» **MATERIAL PROVIDED**
● ● ●
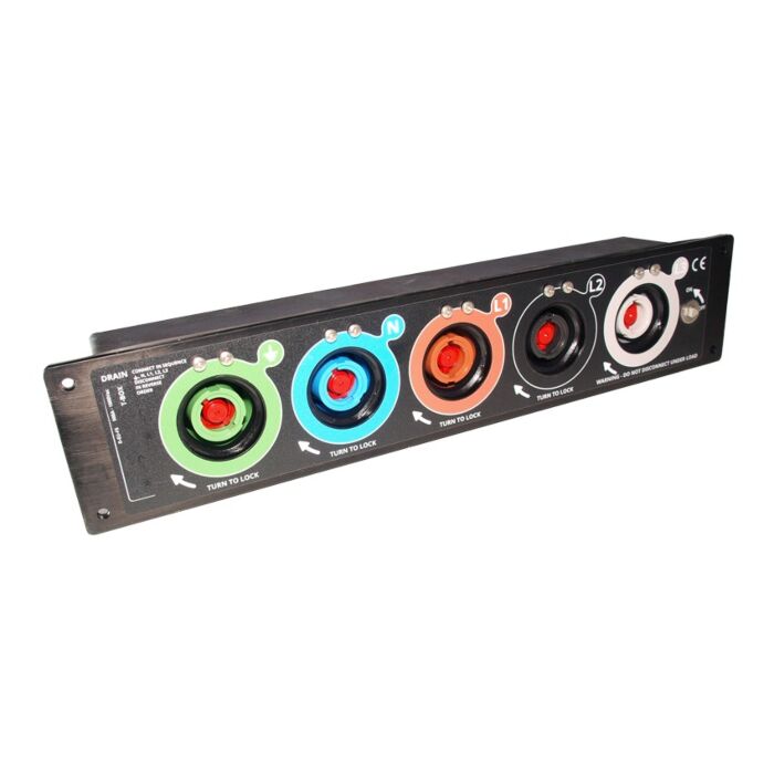 Derudover har den en sluttefunktion, som man kan bruge til at tilslutte en hovedafbryder, som sikrer, at man ikke kan tage stikkene ud, når der er strøm på. Boksen kommer som standard i et flanged panel med powerlock ind på fronten. På bagsiden sidder der M12 gevind bøsning der medfølger bolte til montering af kabler med kabelsko.
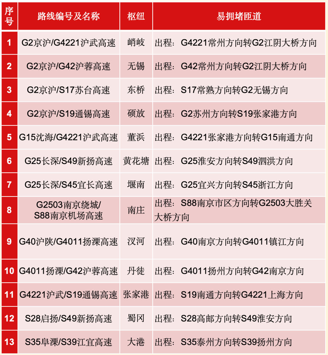 国庆期间,预计全省高速公路有13个枢纽因大流量、中长途出行多等因素高峰时段易发生拥堵缓行,请多加关注!
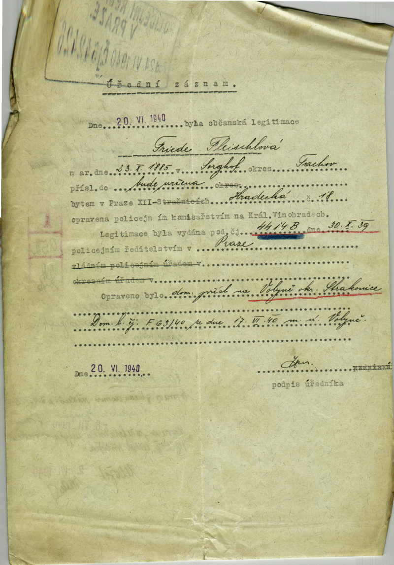 Fleischlová Frieda: Žádost o opravu v občanské legitimaci
● ● ●
» **WORK TO COMPLETE**
Please return the whole listing exactly. Do not copy its images.

» **FINAL ANSWER**
 Derudover har den en sluttefunktion, som man kan bruge til at tilslutte en hovedafbryder, som sikrer, at man ikke kan tage stikkene ud, når der er strøm på. Boksen kommer som standard i et flanged panel med powerlock ind på fronten. På bagsiden sidder der M12 gevind bøsning der medfølger bolte til montering af kabler med kabelsko.
 国庆期间,预计全省高速公路有13个枢纽因大流量、中长途出行多等因素高峰时段易发生拥堵缓行,请多加关注!
 Fleischlová Frieda: Žádost o opravu v občanské legitimaci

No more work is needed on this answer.